«  Je cherche un théâtre, qui touche, provoque et porte en lui les germes d’un nouveau récit collectif. Ainsi, chaque création présente une forme de résilience, une révolte intime contre les blessures qui pousse les humains à se reconstruire. Montrer ainsi la puissance politique qui se cache dans l’intime, la capacité des humains reconstruits à prendre leur place dans la société. Un appel à la libération et à la transformation.

 

Mon théâtre, est un théâtre politique dans le sens où il part de l’autofiction pour éclairer les zones de la société qui doivent fondamentalement changer. Rééquilibrer des rapports de force, libérer la parole et partager la responsabilité. Politique dans le rapport mais pas dans le thème. 

 

Je pars souvent de ma propre expérience, comme s’il s’agissait d’un nouveau tragique capable de révéler les endroits flous, "non-pensés" de notre société. J’expose un nouveau rapport aux situations vécues, je mets en acte sur scène ce que j’aurais aimé avoir le courage de faire dans la réalité et je pose un nouveau projet de société, de relation aux autres.»

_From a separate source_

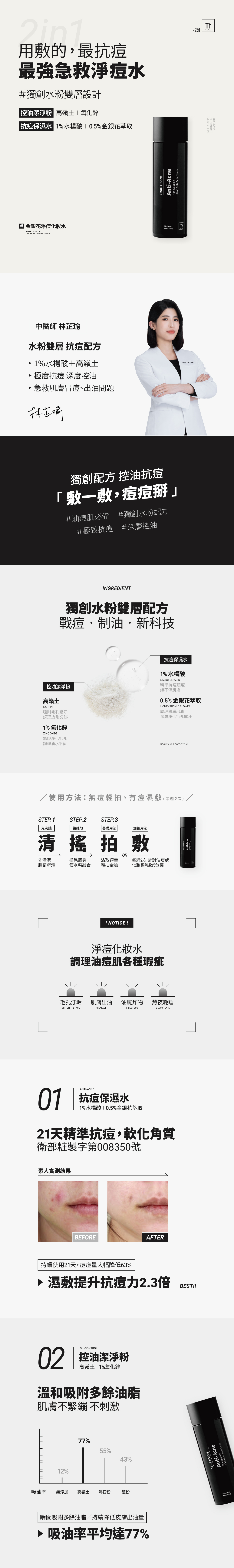 最強急救淨痘水,獨創水粉雙層設計:控油潔淨粉+抗痘保濕水,用敷的,最抗痘。
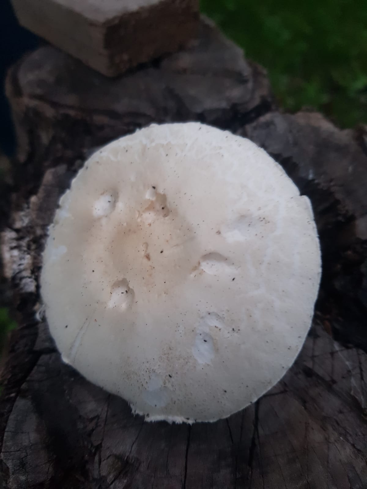 Описание гриба: Вырос на огороде. На месте старого сожженного пня алычи. Пахнет грибами.

J'assemble et je sculpte ce qui m'a été confié, pour créer des écritures "traversées" de tout un chacun.

ELSA GRANAT

Autrice, actrice et metteuse-en-scène.

 

 

Née à Marseille en 1981, elle commence le théâtre après ses études (khâgne et hypokhâgne), elle se forme au CNR de Marseille. Elle fait la rencontre déterminante d’Edward Bond à l’occasion d’un stage à la Friche de la Belle de Mai. À Paris, elle complète sa formation dans la Classe Libre du Cours Florent. Depuis 2004 elle a joué sous la direction de C. Benedetti (L’Amérique, suite de B. Sbrljanovic, Oncle Vania et Trois Soeurs de Tchekhov), S. Catanese (Caligula), S. Shao (Feydeau etc.), B. Porée, (Andromaque, Platonov, Trilogie du Revoir), A. Ubaldi (la Chambre de Médée, Riviera).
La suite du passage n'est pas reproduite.